INFORMATION PROVIDED:
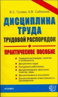 | Полное название книги | В. С. Гусева, К. В. Сибикеев Дисциплина труда Трудовой распорядок Практ.пос |
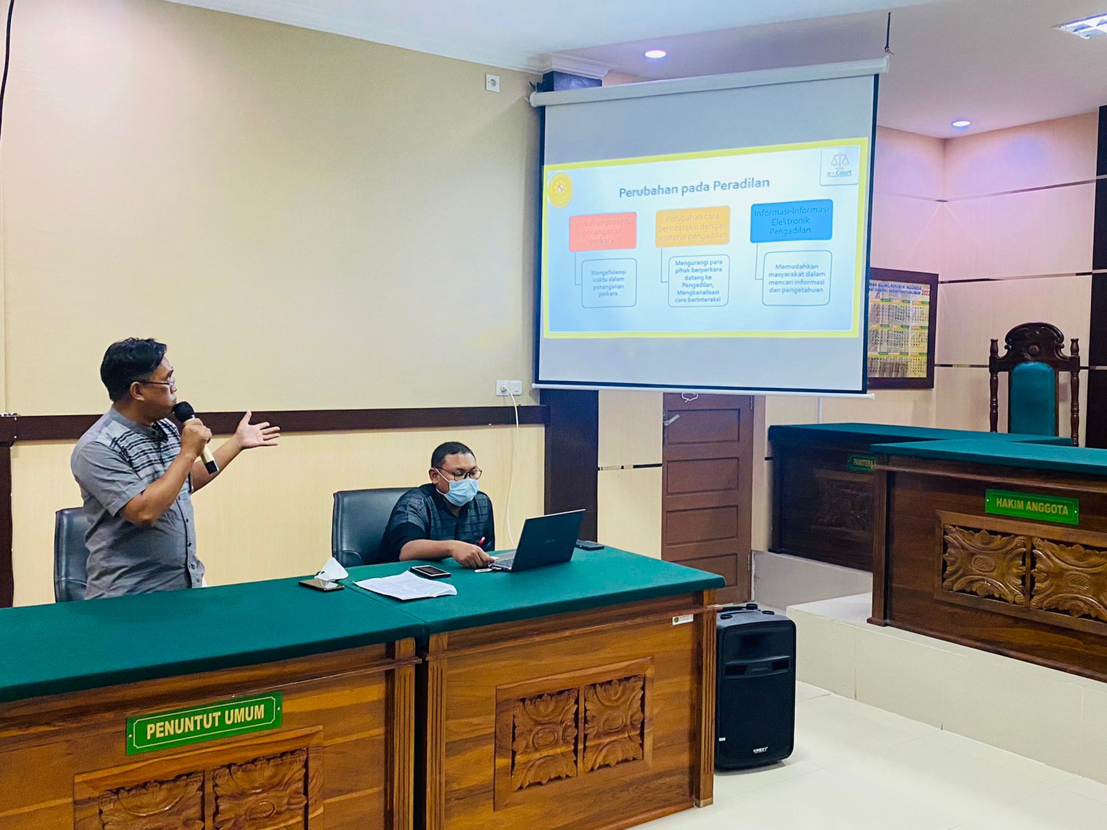 Bertempat di Ruang Sidang Utama Pengadilan Negeri Bulukumba telah dilaksanakan kegiatan Sosialisasi E-Court dan E-Litigasi, bertindak sebagai pemateri Bp. Andi Muhammad Refil, S.H., M.H. dan dihadiri oleh Ketua Pengadilan Negeri Bulukumba, Para Hakim, Panitera, Pejabat Strukural/Fungsional dan Seluruh Staf Kepaniteraan/Kesekretariatan Pengadilan Negeri Bulukumba.
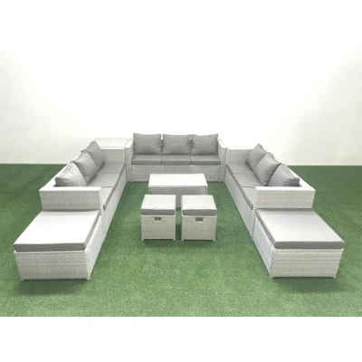 9 Pieces Rattan Garden Furniture Set Outdoor Sofa Coffee Table with Side 4 Footstools Light Grey Mixed Fimous

TASK OBJECTIVE: Pictures are not part of the copy; reproduce exactly and only the lines from the line containing "Bertempat di Ruang" through the end of the listing.

RESPONSE AREA:
 Bertempat di Ruang Sidang Utama Pengadilan Negeri Bulukumba telah dilaksanakan kegiatan Sosialisasi E-Court dan E-Litigasi, bertindak sebagai pemateri Bp. Andi Muhammad Refil, S.H., M.H. dan dihadiri oleh Ketua Pengadilan Negeri Bulukumba, Para Hakim, Panitera, Pejabat Strukural/Fungsional dan Seluruh Staf Kepaniteraan/Kesekretariatan Pengadilan Negeri Bulukumba.
 9 Pieces Rattan Garden Furniture Set Outdoor Sofa Coffee Table with Side 4 Footstools Light Grey Mixed Fimous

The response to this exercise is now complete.